TOPアメリカン・プロレスAEW 2025年 →AEW:Double or Nothing 5/25/2025

AEW:Double or Nothing 5/25/2025の分析


名勝負 アナーキー・イン・ジ・アリーナ:ケニー・オメガ、スワーヴ・ストリックランド、柴田勝頼、パワーハウス・ホブス、サモア・ジョー、ウィロウ・ナイチンゲールvs.ジョン・モクスリー、クラウディオ・キャスタニョーリ、ウィーラーYUTA、ヤング・バックス、マリーナ・シャフィール(Double or Nothing 5/25/2025)

OHFトーナメント決勝:アダム・ペイジvs.ウィル・オスプレイ(Double or Nothing 5/25/2025)
好勝負 ストレッチャー・マッチ:リコシェvs.マーク・ブリスコ(Double or Nothing 5/25/2025)

コンティネンタル王座戦:カズチカ・オカダ(ch)vs.マイク・ベイリー(Double or Nothing 5/25/2025)
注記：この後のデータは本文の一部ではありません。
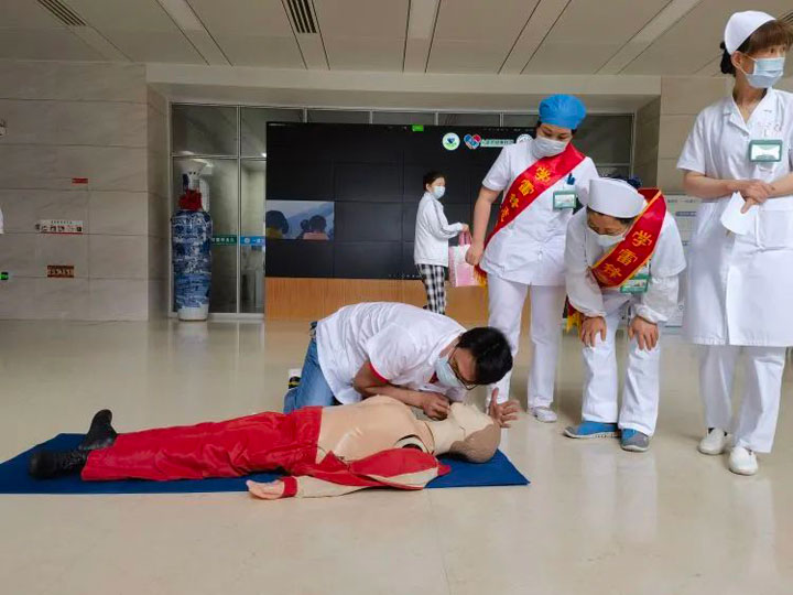 在本次活动中,进行联合会诊时,急诊科姚家忠主任亲自进行了心肺复苏操作演练,向大家介绍心肺复苏的操作要点,让公众更加了解心肺复苏技能的重要性。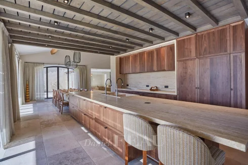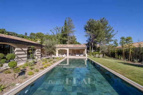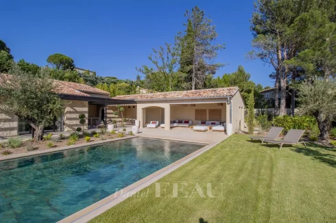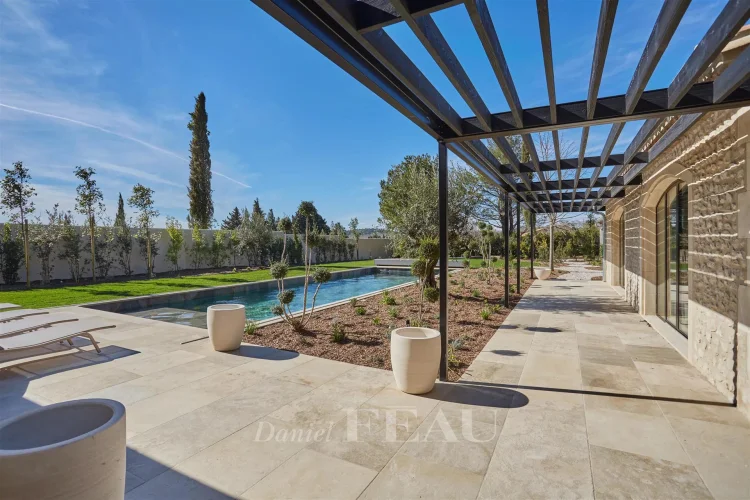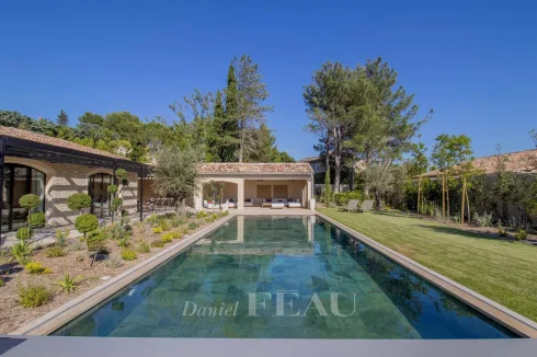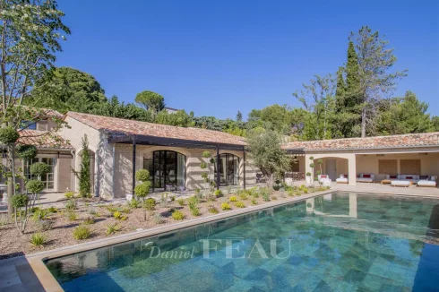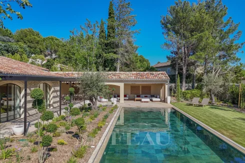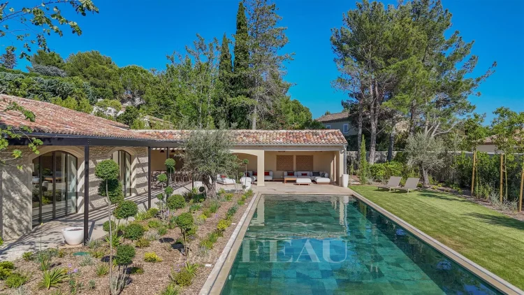 With a 3-car garage, a pool house, and a summer kitchen and lounge enjoying an open view of the Paradou hillsides.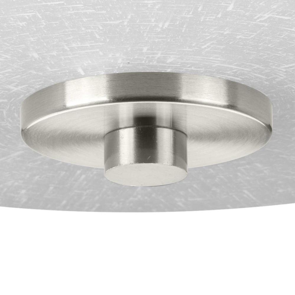 Brushed Nickel finish.;Sophisticated, modern urban lifestyle.;Textured white linen glass with a crisp, clear edge accent strip.;Glass shades feature crisp clear edge accent.
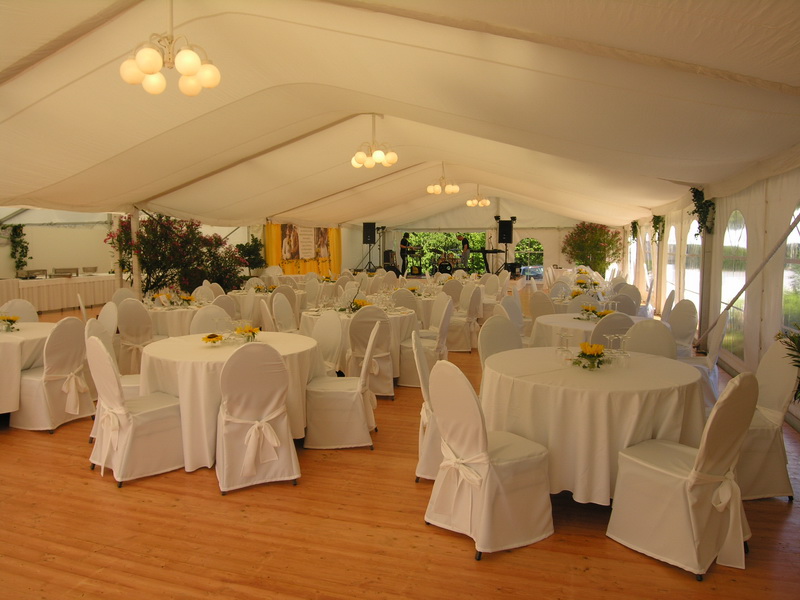 Seitenplanen bieten wir wahlweise mit oder ohne Fenster oder transparent an. Um das Zelt für Ihre Hochzeit oder Ihr Galadiner elegant wirken zu lassen, können wir es auch mit einem Innenhimmel ausstatten.

@OHFトーナメント決勝:メルセデス・モネvs.ジェイミー・ヘイター((Double or Nothing 5/25/2025)
 張り合って火花散らす中に
 細かく織り込まれたムーブに技術やハードヒットが光ります。

 ヘイターはモネにスタイルを寄せているせいで、
 試合運びが見劣りしていてもう少し色分けした方が良かったか。

 オープニングながら決勝としての矜持があり、
 お手軽な見せ方には甘んじず重厚に構築。
 クライマックスも見応えのある攻防でしたね。
 
 好勝負に少し届かず。

Aストレッチャー・マッチ:リコシェvs.マーク・ブリスコ(Double or Nothing 5/25/2025)
 序盤から救急車に行ってそこから逃げ帰るなど
 リコシェが思いっきりヘタレます。

 ハイ・フライヤーなんだからストレッチャー・マッチでも
 もっとアクション豊かに描いても良いじゃないかと
 ありそうでなかった盲点で楽しませてくれます。

 中盤ストレッチャーから離れて焦点がぼやけかけるも
 再びストレッチャー絡めるところでマークが中々の流血。

 顔を真っ赤に染めたビジュとどこか間が抜けた感のあるアピールがマークらしいですね。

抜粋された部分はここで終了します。